On n’a pas le même style, Carlo et moi. Moi, je m’en tiens à ce qui a été ma règle à toutes les autres élections : ni m’auto-désigner, ni faire campagne auprès du président. De toute façon, je serais incapable de frotter la manche du président dans l’espoir d’obtenir la tête de liste. C’est mon côté trop indépendant, ça. Que le parti n’aime pas, mais c’est une autre histoire…

Depuis 2009, vous n’êtes plus jamais redevenue ministre. Le CDH vous fait payer votre indépendance ?
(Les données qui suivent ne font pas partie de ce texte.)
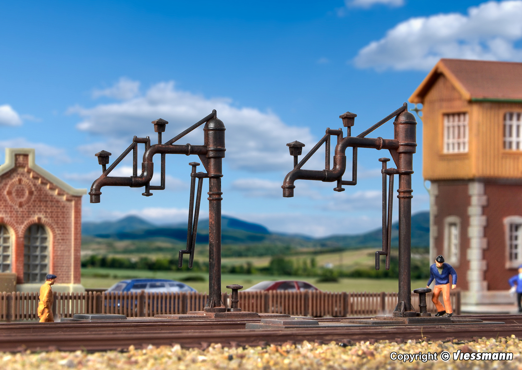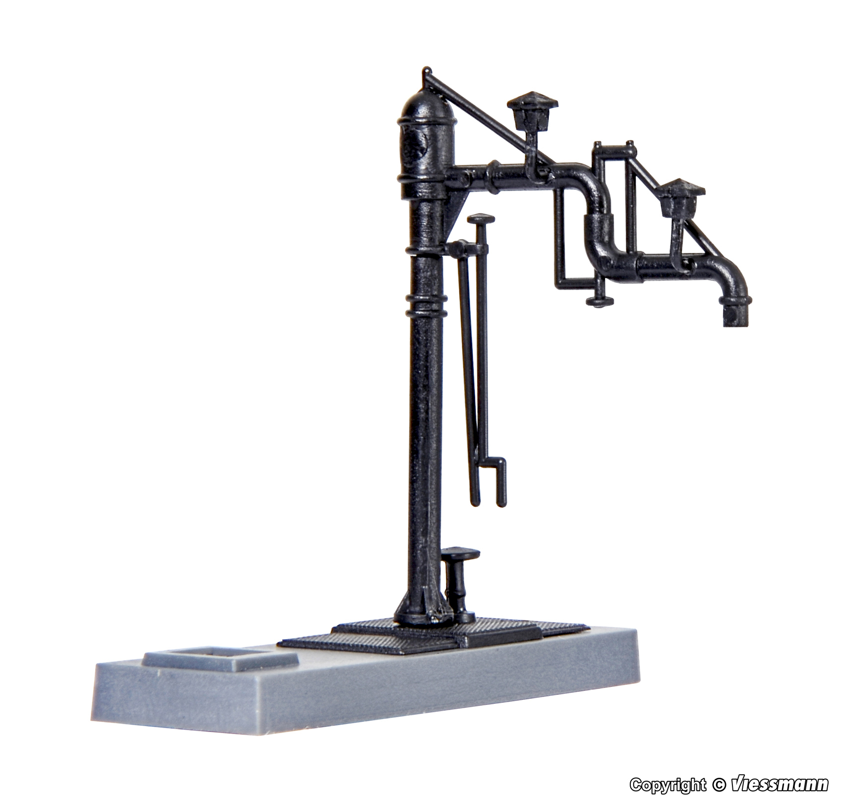 Bausatz. Musste die Dampflok eines Zuges Wasser nachfassen, so kam die Lok nicht immer genau an einem Wasserkran zum Stehen. Ein erneutes Anziehen oder Zurücksetzen hätte eine erhöhte Gefahr für ein- und aussteigende Reisende bedeutet. Durch den Gelenkausleger war ein gewisser Längenausgleich gegeben, um den Stutzen an die Einfüllöffnung des Wasserbehälters im Loktender heranzuführen, ohne dass der Zug anfahren musste. Häufig gehörten diese Art von Wasserkränen zum Bestand eines Bahnbetriebswerkes. Im Viessmann Sortiment auch als Funktionsmodell Art. 5832 erhältlich. Maße: je L 4,5 x B 1,3 x H 4,2 cm. Schwierigkeitsgrad: 2 (Fortgeschrittene).
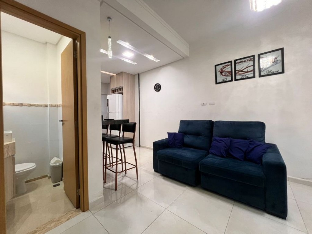 Possui dois dormitórios mobiliados, sala com móveis, cozinha com planejados, banheiro com armários e área de serviço também com armários, oferecendo praticidade e conforto em todos os ambientes.

Moi, je suis zen, mais c’est parfois un peu dur publiquement, quand des militants vous disent sans cesse : ah !, Catherine, on est déçus. J’ai du mal à me vendre, je ne suis pas experte en marketing politique. Peut-être que si je l’étais, je serais dans une autre situation, je n’en sais rien. Au bureau politique, je dis ce que je pense, ce n’est pas toujours super apprécié… En même temps, je ne suis pas une franc-tireuse. Je respecte la démarche collective du parti. Quand je ne suis pas d’accord, je combats en interne.

Entretien : François Brabant

 » Au bureau politique, je dis ce que je pense, ce n’est pas toujours super apprécié.  »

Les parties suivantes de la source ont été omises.